Pemerintah akan mengakselerasi pengembangan industri laut secara komprehensif dan terukur.
Dalam pilot project ini, kami bekerja sama dengan BRIN, KKP, Sea6, Prospera, MTCRC, Konservasi Indonesia, Universitas Mataram untuk mengevaluasi dampak proyek ini terhadap kondisi sosial ekonomi masyarakat, kualitas air, ekosistem lingkungan dan potensi penyerapan karbon.
“Dengan begitu kami akan memperoleh data yang akurat untuk penyempuranaan kebijakan ke depan. Berbagai program akan dilaksanakan untuk mendukung akselerasi yang terintegrasi baik di hulu maupun sisi hilir,” ungkap Menko Luhut.
Percepatan industri rumput laut melibatkan kementerian dan lembaga lainnya, diantaranya Kementerian Kelautan dan Perikanan, Kementerian Perindustrian, Kementerian Keuangan, Kementerian Dalam Negeri, Kementerian BUMN, Kementerian Investasi, Badan Riset dan Inovasi Nasional, pemerintah daerah, universitas maupun mitra pembangunan.
Beberapa program yang akan dilaksanakan di antaranya penyediaan bibit berkualitas, pemetaan potensi lahan dengan menggunakan satelit, penyederhanaan perizinan berusaha, riset jenis rumput laut unggul dan kualitas lingkungan, penyiapan aspek sosial ekonomi, peningkatan mutu pengolahan hasil dan market generation.

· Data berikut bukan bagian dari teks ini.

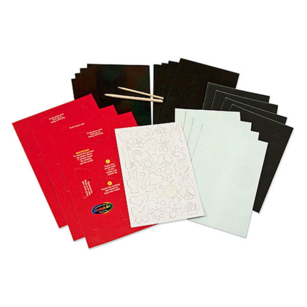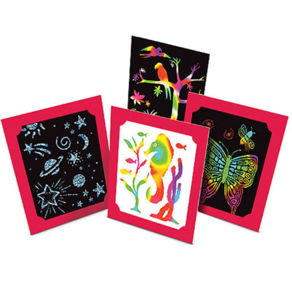 To nejlepší ze světa vyškrabování v jedné velké sadě! Malí umělci si mohou vytvořit až 16 parádních obrázků na barevném podkladu – podle vlastní fantazie nebo s pomocí přiložených šablon. Stačí jen vyškrabávat a sledovat, jak se pod rukama objevují duhové, zlaté nebo třpytivé vzory.

“Ke depan, Saya meminta kepada semua pihak untuk memperkuat sinergi dan kolaborasi demi kebangkitan industri rumput laut nasional. Saya tegaskan dan sampaikan pada acara showcase ini, untuk kita bersama-sama terus mengawal program akselerasi hilirisasi rumput laut nasional demi mendorong peningkatan pendapatan dan kesejahteraan masyarakat, meningkatkan lapangan pekerjaan serta menambah pendapatan negara untuk melanjutkan pembangunan diberbagai sektor,” pungkas Menko Luhut.
Piloting Rumput Laut
Sementara itu, Menteri Kelautan dan Perikanan, Sakti Wahyu Trenggono mendukung penuh showcase piloting rumput laut skala besar di Teluk Ekas.
Dia berharap, kegiatan ini dapat menambah pengetahuan dan kemampuan pembudidaya dalam mengembangkan rumput laut secara modern.

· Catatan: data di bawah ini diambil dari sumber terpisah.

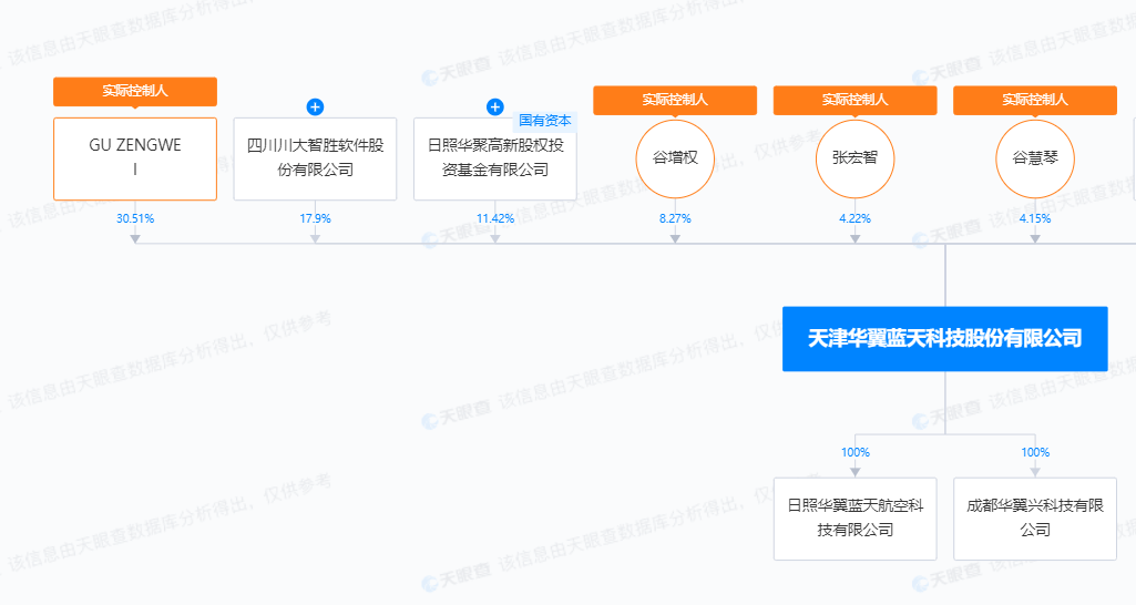 根据天眼查,川大智胜持有华翼蓝天17.90%的股权。华翼蓝天背后的实际控制人为GU ZENGWE、谷增权、张宏智以及谷慧琴。上述四人持有华翼蓝天近50%的股权。

Selain itu, piloting ini dapat menyerap hasil panen pembudidaya secara maksimal sehingga berimbas pada stabilitas harga dan peningkatan kesejahteraan.
KKP sendiri, lanjutnya, telah membangun modeling rumput laut seluas 50 hektare di Wakatobi, Sulawesi Tenggara sebagai strategi meningkatkan produksi rumput laut nasional yang ramah lingkungan, serta sebagai upaya mendorong hilirisasi rumput laut di Indonesia.
Kolaborasi lintas sektor, diakuinya, memang diperlukan untuk mewujudkan hilirisasi rumput laut yang menjadi arahan Presiden Joko Widodo.